# PROBLEM TO SOLVE
The result should be the lines from the one that contains "Visit Proof |" to the final line of the entries below, copied exactly and with no pictures.

# STORED DATA
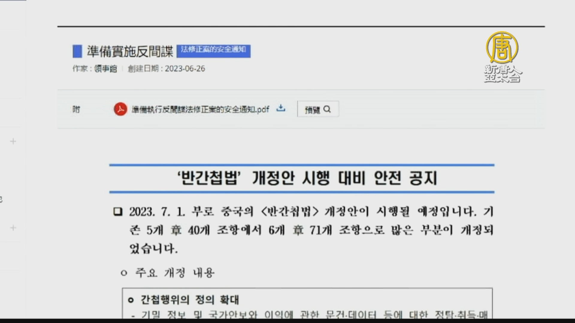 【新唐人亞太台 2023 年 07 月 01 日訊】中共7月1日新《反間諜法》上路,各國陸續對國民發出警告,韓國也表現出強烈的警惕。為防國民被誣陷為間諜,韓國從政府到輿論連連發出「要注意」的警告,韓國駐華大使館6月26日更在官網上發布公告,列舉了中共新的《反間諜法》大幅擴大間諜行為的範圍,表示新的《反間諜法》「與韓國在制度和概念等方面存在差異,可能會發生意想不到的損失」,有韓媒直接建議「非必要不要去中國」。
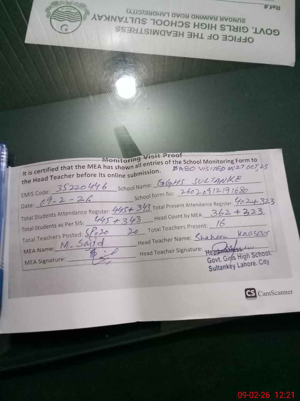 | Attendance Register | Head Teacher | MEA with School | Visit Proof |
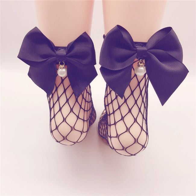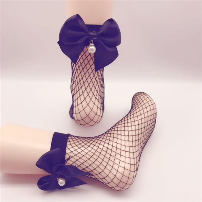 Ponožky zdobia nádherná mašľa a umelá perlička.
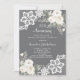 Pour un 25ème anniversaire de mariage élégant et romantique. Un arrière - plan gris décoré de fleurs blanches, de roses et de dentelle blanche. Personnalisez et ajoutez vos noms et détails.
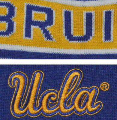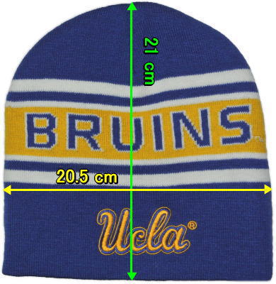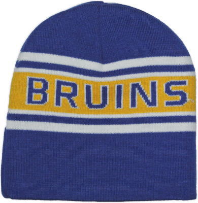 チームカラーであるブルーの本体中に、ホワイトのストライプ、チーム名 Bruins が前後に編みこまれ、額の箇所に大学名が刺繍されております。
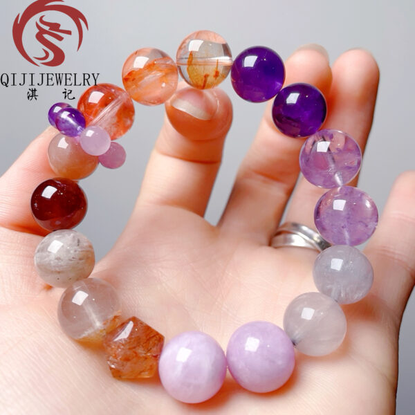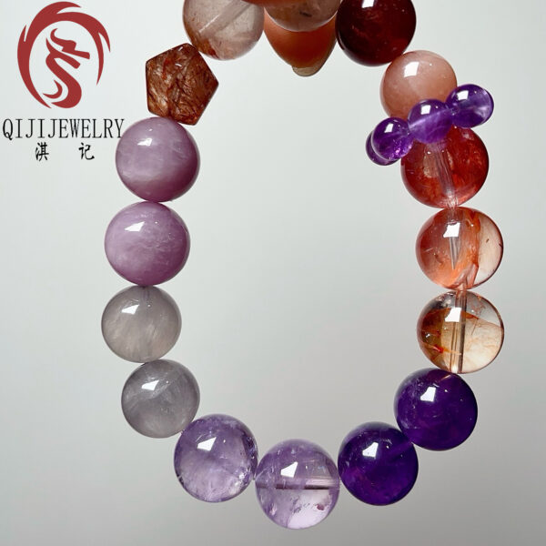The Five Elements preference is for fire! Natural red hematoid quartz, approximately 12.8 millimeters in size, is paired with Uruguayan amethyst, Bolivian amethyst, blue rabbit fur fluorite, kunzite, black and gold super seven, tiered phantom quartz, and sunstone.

# WRITTEN ANSWER
 | Attendance Register | Head Teacher | MEA with School | Visit Proof |
 Ponožky zdobia nádherná mašľa a umelá perlička.
 Pour un 25ème anniversaire de mariage élégant et romantique. Un arrière - plan gris décoré de fleurs blanches, de roses et de dentelle blanche. Personnalisez et ajoutez vos noms et détails.
 チームカラーであるブルーの本体中に、ホワイトのストライプ、チーム名 Bruins が前後に編みこまれ、額の箇所に大学名が刺繍されております。
The Five Elements preference is for fire! Natural red hematoid quartz, approximately 12.8 millimeters in size, is paired with Uruguayan amethyst, Bolivian amethyst, blue rabbit fur fluorite, kunzite, black and gold super seven, tiered phantom quartz, and sunstone.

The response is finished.